Saturday, March 14, 2009

Steak: It's what for dinner Part III (Portfolio)

"...through the way we live, work and play, we don't really choose our food--our food chooses us (Patel, pp. 253)."
-Raj Patel

As I sit here and think about my steak and my accompanying feeling of manliness I have to ask myself why does this make me feel like a man? I mean come on, regardless of whether or not I eat the steak, aren't I still a man? I have facial hair, all the right parts: as far as nature is concerned, I am a man. There must just be something about the steak itself that magnifies the feelings of being a man.

Why then don't I get similar manly feelings when I dawn a bright pink, frilly scarf, or perhaps eat a Caesar Salad, with blue cheese? There can really only be one of two possibilities for an answer to this dilemma:

1. This association with steak and manliness is innate, and comes with birth, or

2. I have learned this association from my experiences.

While I think there could be a tiny possibility that the first answer is, maybe, weakly correlated to my association, I would wager that my association is a learned phenomenon. The next question would then be: Who does the teaching? This is where things get extremely complicated.

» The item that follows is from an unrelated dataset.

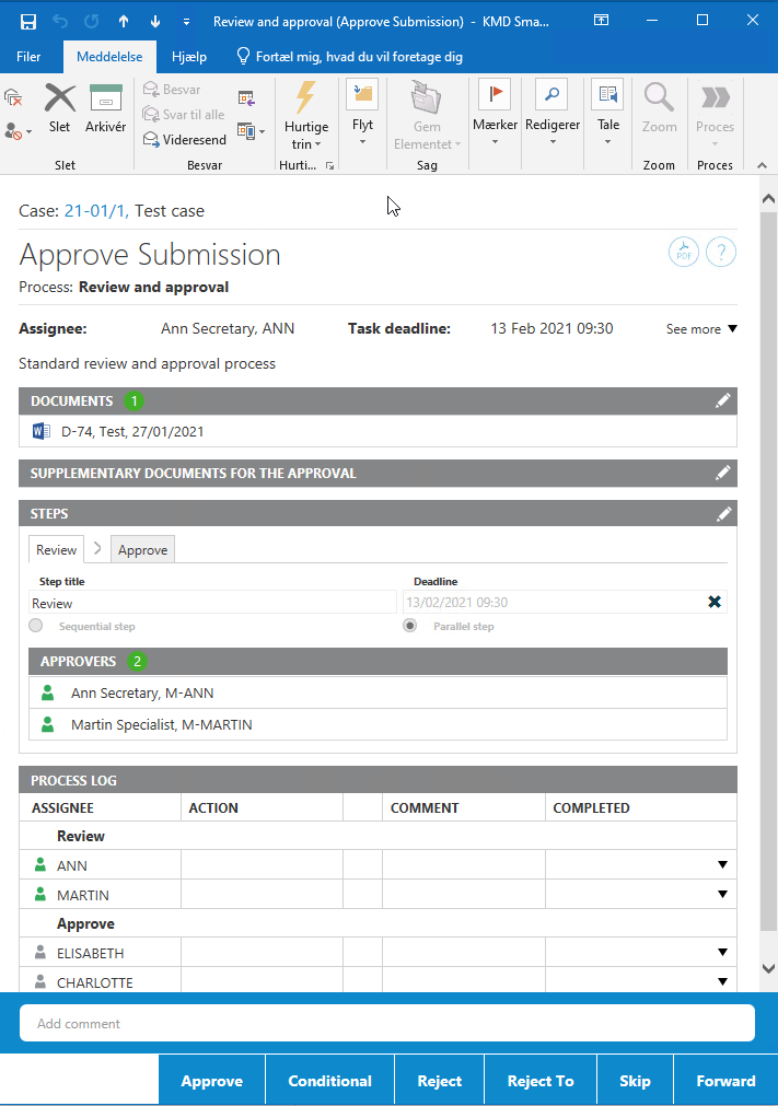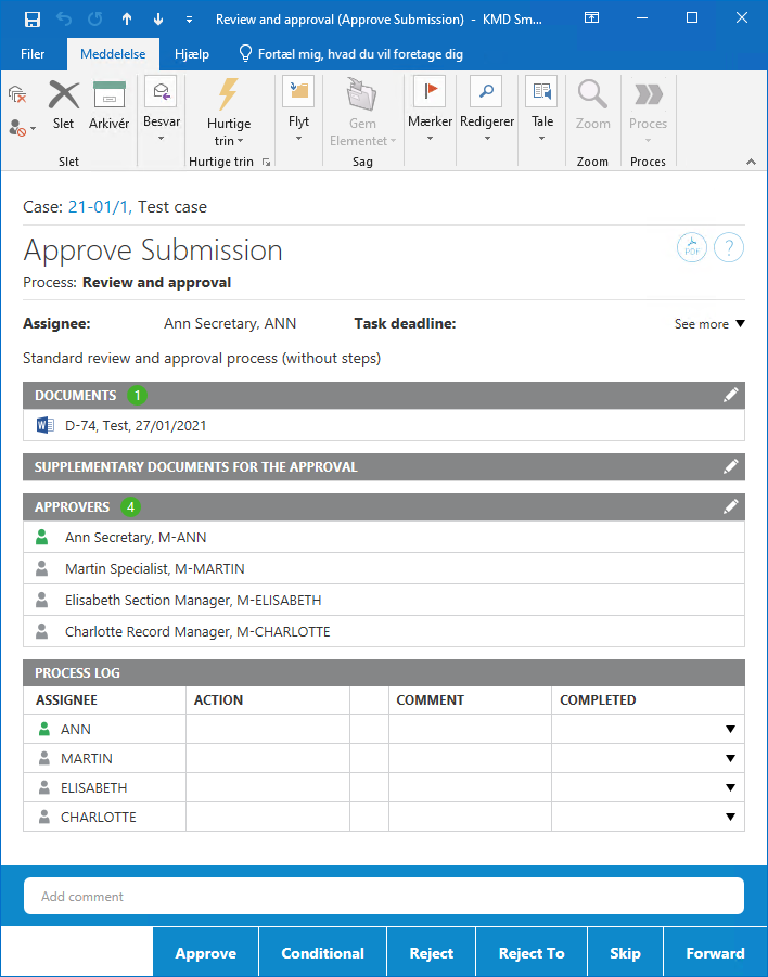 - Procesejeren kan også vælge at videresende opgaven til anden, som herefter vil være ansvarlig for at redigere dokumenter og fjerne eller tilføje godkendere. En opgave til den nye godkender vil blive føjet til processen. Når godkenderen har foretaget sine ændringer i dokumenterne og godkender dem, vil forelægelsesprocessen blive genstartet.

Raj Patel says that our food habits, and anything else we do with regards to food, are shaped, not just by our society, but by multi-national food conglomerates (which he backs up with a lot of facts and speculations). As much as I hate to think that I have little to no control over the food I get to eat, I have to admit, Patel makes some very convincing points.

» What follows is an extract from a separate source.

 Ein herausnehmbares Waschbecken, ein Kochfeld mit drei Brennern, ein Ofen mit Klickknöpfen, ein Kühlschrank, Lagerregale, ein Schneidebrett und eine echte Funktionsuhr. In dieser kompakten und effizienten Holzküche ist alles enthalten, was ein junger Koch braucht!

He briefly mentions that there are three basic factors that play into what we end up eating: work and play, the neighborhoods we live in, and the jobs we get--including the time we spend traveling between them (Patel, pp 273). Basically, a certain kind of food is marketed and sold to us depending on who we are (as consumers). This marketing starts at a very young age. Advertisers know that children are easily influenced. Children want what is cool and hip, and advertisers set the standard. Then, the trend of standard setting goes up until the child is old.

During this time, advertisers (these large food companies) strive in every conceivable way to get us to buy their stuff. They know things like that the more we eat the more overweight we get. However, these kinds of things, though fought to be kept a secret from the consumer, are not primary concerns: our money is. The funny thing is, at the same time we are influenced to buy the latest bag of 'super extra nacho spicy Doritos', we get bombarded by companies like Jenny Craig to loose a couple extra pounds around the waist. Get this, Jenny Craig is part of the Nestle Corporation (Patel, pp 280). We as consumers are trapped, just like corn farmers who buy Monsanto products, in a circle. We are given new products in an attempt to make more money, but that actually contribute to some other marketing scheme when we do what the marketers want.

So, what does this have to do with my steak? EVERYTHING! I feel manly when I eat a steak because I have been ingrained with the thought that in order for a white, middle-class male to be himself he needs to eat meat. The perpetrator of this thought is the food industry. I have been hit with ads from the time I could see far enough to focus on a television. From then my first thoughts concerning anything were formed. My thoughts since that time were reinforced until I was convinced that in order to be a man I needed to have a steak! I have literally been made FOR my food, and all this just to make a buck (This whole time I thought my food was made for me!!!)